(Records from a data collection)

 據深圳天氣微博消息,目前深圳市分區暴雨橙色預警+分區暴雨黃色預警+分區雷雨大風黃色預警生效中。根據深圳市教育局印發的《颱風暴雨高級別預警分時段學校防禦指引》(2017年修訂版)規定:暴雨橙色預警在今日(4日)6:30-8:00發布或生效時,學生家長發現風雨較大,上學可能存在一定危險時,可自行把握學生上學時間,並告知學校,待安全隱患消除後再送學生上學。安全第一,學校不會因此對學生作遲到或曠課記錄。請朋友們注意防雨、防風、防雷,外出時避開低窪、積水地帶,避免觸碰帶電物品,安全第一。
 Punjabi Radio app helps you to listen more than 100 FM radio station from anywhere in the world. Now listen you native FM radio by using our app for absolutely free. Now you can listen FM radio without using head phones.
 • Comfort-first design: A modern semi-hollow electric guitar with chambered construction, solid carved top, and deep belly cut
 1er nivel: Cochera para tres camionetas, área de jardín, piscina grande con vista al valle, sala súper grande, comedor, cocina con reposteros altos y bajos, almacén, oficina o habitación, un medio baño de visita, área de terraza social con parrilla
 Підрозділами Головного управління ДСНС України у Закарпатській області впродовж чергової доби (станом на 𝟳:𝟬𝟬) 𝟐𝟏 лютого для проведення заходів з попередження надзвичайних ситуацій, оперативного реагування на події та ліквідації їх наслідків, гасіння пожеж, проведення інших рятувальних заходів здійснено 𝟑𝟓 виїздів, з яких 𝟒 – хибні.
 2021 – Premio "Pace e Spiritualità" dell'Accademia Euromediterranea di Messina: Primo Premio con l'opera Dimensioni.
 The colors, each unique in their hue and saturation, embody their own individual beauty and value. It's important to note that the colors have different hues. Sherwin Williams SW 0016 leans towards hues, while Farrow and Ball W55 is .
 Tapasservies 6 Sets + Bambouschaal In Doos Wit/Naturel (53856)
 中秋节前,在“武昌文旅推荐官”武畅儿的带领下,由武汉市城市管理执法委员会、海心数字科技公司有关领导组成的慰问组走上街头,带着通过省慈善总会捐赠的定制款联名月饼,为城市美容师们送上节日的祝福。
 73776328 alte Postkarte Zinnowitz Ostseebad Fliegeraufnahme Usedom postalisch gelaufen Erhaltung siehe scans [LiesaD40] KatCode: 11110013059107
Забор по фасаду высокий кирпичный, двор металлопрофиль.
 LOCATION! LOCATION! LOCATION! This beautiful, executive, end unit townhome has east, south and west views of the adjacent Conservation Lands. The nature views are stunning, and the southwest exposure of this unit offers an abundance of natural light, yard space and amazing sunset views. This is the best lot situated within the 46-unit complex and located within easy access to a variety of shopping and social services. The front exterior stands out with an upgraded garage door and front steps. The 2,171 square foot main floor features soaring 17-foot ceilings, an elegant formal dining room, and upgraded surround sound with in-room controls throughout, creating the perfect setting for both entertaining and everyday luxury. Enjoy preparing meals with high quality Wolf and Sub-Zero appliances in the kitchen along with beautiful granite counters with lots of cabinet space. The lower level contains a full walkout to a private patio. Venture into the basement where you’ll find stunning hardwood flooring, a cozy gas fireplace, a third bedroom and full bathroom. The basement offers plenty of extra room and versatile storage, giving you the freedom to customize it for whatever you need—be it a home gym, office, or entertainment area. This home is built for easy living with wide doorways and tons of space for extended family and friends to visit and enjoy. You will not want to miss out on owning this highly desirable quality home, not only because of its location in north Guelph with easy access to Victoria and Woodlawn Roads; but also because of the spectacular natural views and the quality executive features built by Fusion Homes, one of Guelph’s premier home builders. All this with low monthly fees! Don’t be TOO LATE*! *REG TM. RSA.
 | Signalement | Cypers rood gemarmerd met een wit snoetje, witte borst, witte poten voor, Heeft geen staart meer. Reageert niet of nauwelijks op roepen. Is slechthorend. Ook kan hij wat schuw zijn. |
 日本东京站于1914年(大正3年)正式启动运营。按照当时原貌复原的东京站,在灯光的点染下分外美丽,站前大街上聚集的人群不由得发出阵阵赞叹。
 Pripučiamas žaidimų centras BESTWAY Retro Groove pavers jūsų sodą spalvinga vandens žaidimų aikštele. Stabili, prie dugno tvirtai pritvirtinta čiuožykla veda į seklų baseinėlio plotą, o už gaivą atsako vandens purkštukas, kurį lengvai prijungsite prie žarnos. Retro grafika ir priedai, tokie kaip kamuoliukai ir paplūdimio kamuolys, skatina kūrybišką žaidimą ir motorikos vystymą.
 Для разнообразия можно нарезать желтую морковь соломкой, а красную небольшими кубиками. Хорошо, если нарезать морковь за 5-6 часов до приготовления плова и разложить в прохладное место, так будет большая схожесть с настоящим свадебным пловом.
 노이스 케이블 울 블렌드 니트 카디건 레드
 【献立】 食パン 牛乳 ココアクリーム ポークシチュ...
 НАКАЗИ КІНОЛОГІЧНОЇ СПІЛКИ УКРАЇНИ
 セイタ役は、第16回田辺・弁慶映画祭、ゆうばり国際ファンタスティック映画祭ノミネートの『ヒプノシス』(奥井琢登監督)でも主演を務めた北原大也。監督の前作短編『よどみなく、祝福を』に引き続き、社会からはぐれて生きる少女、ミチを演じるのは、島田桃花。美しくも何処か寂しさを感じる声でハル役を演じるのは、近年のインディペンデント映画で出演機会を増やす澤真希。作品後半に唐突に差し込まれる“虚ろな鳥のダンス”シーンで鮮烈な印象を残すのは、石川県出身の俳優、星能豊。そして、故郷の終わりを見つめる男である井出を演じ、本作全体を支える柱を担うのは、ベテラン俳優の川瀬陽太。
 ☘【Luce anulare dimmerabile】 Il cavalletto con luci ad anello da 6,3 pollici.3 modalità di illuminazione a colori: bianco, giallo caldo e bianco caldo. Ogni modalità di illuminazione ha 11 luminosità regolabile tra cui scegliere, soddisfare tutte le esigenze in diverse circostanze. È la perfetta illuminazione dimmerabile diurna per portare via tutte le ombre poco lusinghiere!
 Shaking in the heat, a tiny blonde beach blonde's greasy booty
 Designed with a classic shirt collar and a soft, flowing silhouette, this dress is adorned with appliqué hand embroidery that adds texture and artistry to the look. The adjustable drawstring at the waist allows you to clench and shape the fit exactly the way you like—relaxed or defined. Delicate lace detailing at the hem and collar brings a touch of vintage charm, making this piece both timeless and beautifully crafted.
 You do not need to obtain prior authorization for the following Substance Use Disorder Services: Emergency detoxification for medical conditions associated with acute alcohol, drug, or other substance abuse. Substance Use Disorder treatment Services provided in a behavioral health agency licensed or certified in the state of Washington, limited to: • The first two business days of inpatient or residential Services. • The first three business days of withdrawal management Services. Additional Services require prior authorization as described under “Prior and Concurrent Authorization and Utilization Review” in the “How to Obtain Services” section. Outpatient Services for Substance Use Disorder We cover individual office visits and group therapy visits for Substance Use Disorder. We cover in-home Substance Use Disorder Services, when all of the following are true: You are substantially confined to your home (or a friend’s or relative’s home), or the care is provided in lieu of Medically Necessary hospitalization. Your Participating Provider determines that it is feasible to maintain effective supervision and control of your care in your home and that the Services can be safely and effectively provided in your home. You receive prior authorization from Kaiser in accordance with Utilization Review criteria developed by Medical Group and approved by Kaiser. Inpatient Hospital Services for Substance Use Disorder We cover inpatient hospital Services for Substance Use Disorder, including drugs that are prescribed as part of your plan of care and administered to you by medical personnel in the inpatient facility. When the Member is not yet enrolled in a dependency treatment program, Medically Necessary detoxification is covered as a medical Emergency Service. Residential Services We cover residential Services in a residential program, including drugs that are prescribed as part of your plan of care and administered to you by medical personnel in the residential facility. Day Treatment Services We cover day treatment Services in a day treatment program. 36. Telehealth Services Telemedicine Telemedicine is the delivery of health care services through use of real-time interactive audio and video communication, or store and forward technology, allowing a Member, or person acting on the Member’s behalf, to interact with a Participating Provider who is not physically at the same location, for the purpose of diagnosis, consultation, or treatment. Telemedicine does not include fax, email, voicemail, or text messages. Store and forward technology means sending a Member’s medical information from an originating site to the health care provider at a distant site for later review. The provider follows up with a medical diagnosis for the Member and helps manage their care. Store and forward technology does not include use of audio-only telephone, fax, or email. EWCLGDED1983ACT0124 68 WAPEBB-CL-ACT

Problem statement
Quote only the stretch of lines that starts the data above and ends with the line containing "1er nivel: Cochera", both included.

Exercise response
 據深圳天氣微博消息,目前深圳市分區暴雨橙色預警+分區暴雨黃色預警+分區雷雨大風黃色預警生效中。根據深圳市教育局印發的《颱風暴雨高級別預警分時段學校防禦指引》(2017年修訂版)規定:暴雨橙色預警在今日(4日)6:30-8:00發布或生效時,學生家長發現風雨較大,上學可能存在一定危險時,可自行把握學生上學時間,並告知學校,待安全隱患消除後再送學生上學。安全第一,學校不會因此對學生作遲到或曠課記錄。請朋友們注意防雨、防風、防雷,外出時避開低窪、積水地帶,避免觸碰帶電物品,安全第一。
 Punjabi Radio app helps you to listen more than 100 FM radio station from anywhere in the world. Now listen you native FM radio by using our app for absolutely free. Now you can listen FM radio without using head phones.
 • Comfort-first design: A modern semi-hollow electric guitar with chambered construction, solid carved top, and deep belly cut
 1er nivel: Cochera para tres camionetas, área de jardín, piscina grande con vista al valle, sala súper grande, comedor, cocina con reposteros altos y bajos, almacén, oficina o habitación, un medio baño de visita, área de terraza social con parrilla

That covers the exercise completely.